* Instructions for the task *
From the data below, copy exactly the lines that lie between the one holding "Виталий Бианки с юннатами. Кольцевание птиц." and the one holding "Április 21-én a", including both, and nothing more.

%%

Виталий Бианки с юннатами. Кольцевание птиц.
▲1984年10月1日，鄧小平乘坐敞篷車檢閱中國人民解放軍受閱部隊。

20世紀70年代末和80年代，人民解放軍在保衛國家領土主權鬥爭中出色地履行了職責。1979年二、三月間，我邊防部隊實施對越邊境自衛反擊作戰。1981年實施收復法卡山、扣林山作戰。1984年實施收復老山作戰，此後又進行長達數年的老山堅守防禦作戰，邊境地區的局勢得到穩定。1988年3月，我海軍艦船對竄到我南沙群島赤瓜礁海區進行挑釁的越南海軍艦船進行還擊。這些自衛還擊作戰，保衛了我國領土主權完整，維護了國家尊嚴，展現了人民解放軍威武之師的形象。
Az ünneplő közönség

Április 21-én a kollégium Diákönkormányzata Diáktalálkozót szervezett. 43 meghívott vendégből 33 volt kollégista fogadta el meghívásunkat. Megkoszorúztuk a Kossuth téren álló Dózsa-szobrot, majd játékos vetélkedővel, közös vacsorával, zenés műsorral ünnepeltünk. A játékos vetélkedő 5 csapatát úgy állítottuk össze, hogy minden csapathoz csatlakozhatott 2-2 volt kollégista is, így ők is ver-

%%
%%

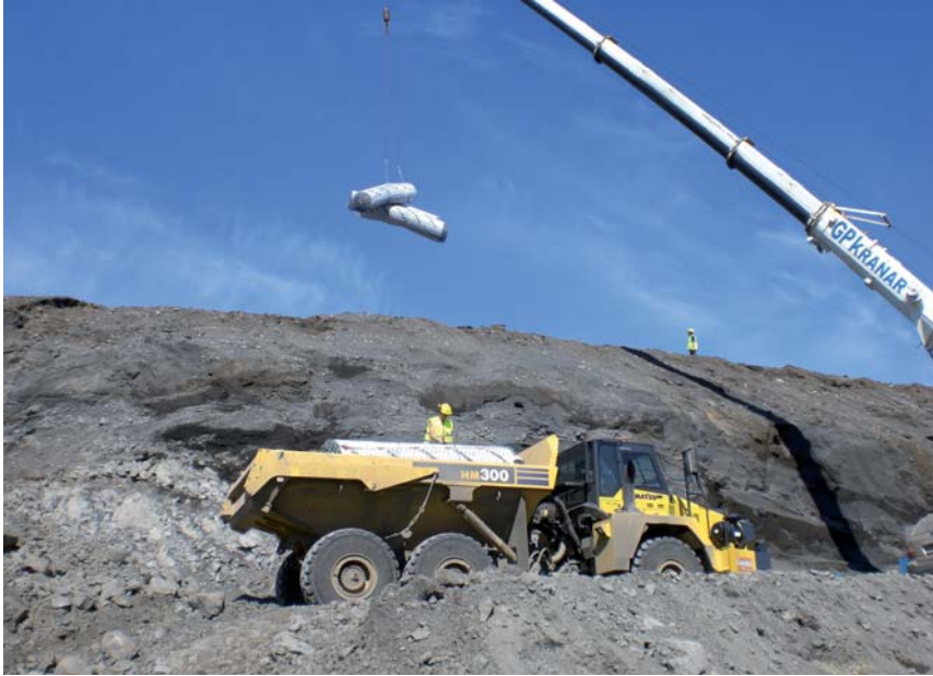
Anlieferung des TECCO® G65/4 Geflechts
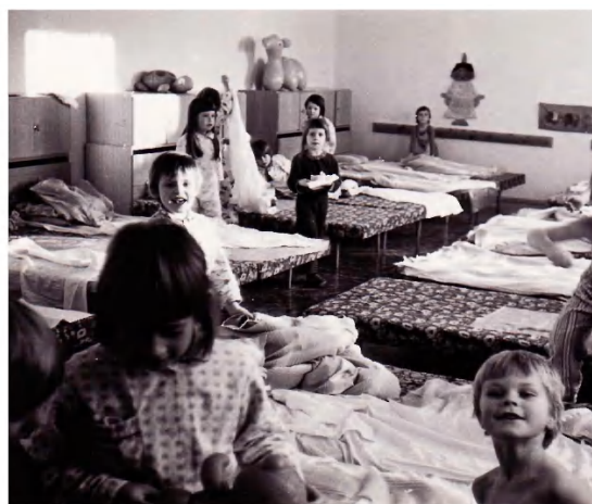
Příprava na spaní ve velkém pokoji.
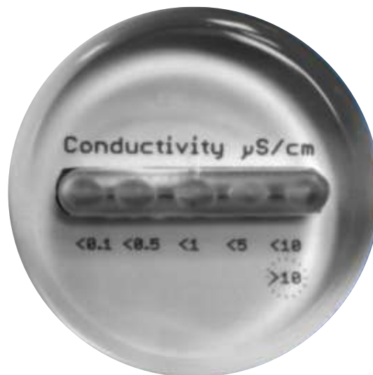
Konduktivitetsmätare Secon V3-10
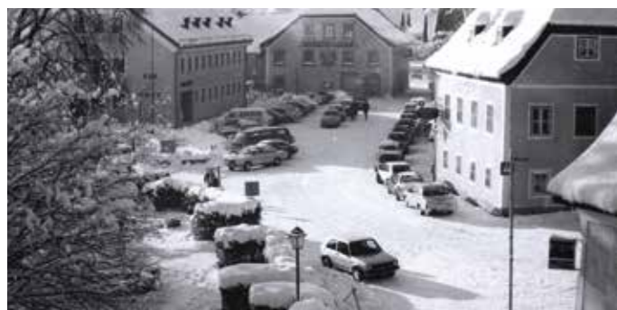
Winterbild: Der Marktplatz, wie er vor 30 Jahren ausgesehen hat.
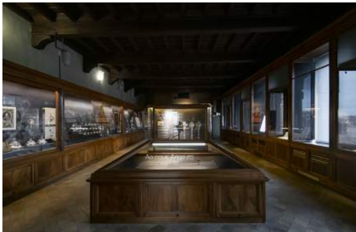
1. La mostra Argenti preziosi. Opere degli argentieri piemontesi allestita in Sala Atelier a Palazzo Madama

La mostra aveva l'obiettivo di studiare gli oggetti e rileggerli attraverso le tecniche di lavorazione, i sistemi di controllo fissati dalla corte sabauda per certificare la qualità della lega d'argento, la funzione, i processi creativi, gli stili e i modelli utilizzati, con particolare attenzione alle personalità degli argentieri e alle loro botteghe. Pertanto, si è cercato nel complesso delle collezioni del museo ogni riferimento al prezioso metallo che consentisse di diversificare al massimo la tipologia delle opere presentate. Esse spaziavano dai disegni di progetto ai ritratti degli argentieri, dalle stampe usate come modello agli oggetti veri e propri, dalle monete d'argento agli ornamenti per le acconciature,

%%

* Problem solution *
Виталий Бианки с юннатами. Кольцевание птиц.
▲1984年10月1日，鄧小平乘坐敞篷車檢閱中國人民解放軍受閱部隊。

20世紀70年代末和80年代，人民解放軍在保衛國家領土主權鬥爭中出色地履行了職責。1979年二、三月間，我邊防部隊實施對越邊境自衛反擊作戰。1981年實施收復法卡山、扣林山作戰。1984年實施收復老山作戰，此後又進行長達數年的老山堅守防禦作戰，邊境地區的局勢得到穩定。1988年3月，我海軍艦船對竄到我南沙群島赤瓜礁海區進行挑釁的越南海軍艦船進行還擊。這些自衛還擊作戰，保衛了我國領土主權完整，維護了國家尊嚴，展現了人民解放軍威武之師的形象。
Az ünneplő közönség

Április 21-én a kollégium Diákönkormányzata Diáktalálkozót szervezett. 43 meghívott vendégből 33 volt kollégista fogadta el meghívásunkat. Megkoszorúztuk a Kossuth téren álló Dózsa-szobrot, majd játékos vetélkedővel, közös vacsorával, zenés műsorral ünnepeltünk. A játékos vetélkedő 5 csapatát úgy állítottuk össze, hogy minden csapathoz csatlakozhatott 2-2 volt kollégista is, így ők is ver-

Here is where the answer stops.